Dataset extract
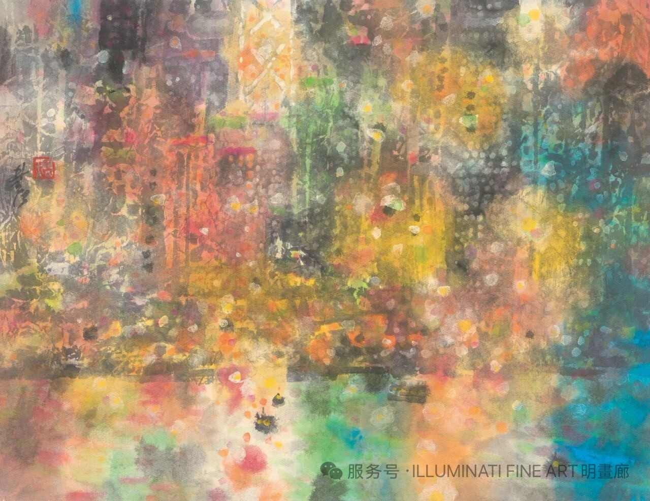 「夜。香港」以展覽名稱同名的作品《夜。香港》為重點展品,作品描繪了維港兩岸夜色,香江晚上,高樓大廈與船隻航行的燈光交映成輝,維港海面波光粼粼。作品墨韻沉著間蘊藏夜色特有的層次感,色彩斑斕中可見霓虹與萬家燈火的交織。香港知名地標在夜色中若隱若現(xiàn),雖不刻意寫實,卻能讓觀者覓得熟悉的痕跡。
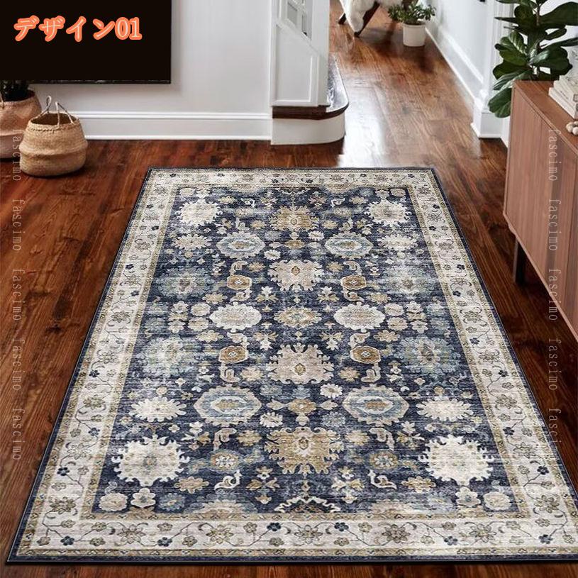 レトロカーペット ペルシャ絨毯 防音 洗える カーペット アンティーク風 ヨーロッパ 幾何学 花模様 洗濯可能 おしゃれ 床暖房対応 耐摩耗性 滑り止め 長方形 軽量 毛足短い 新築祝い 引越し祝い センターラグ リビングマット fascimo
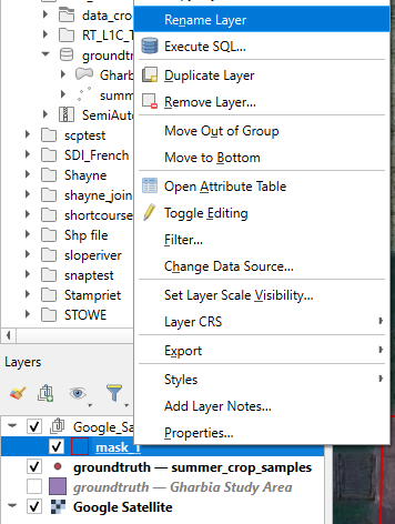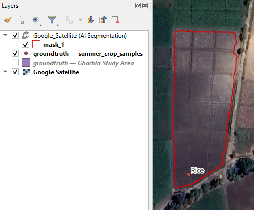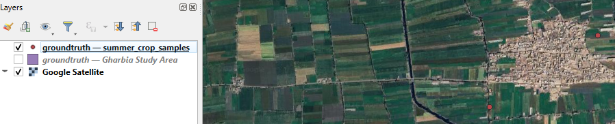 1. Hide the Gharbia Study Area layer and make sure that the summer_crop_samples layer is on top of the Google Satellite layer.

Description of the task
No pictures belong in the output. It should reproduce exactly the lines from the one containing "レトロカーペット ペルシャ絨毯 防音" through the end of the data, both ends included.

Finished task
 レトロカーペット ペルシャ絨毯 防音 洗える カーペット アンティーク風 ヨーロッパ 幾何学 花模様 洗濯可能 おしゃれ 床暖房対応 耐摩耗性 滑り止め 長方形 軽量 毛足短い 新築祝い 引越し祝い センターラグ リビングマット fascimo
 1. Hide the Gharbia Study Area layer and make sure that the summer_crop_samples layer is on top of the Google Satellite layer.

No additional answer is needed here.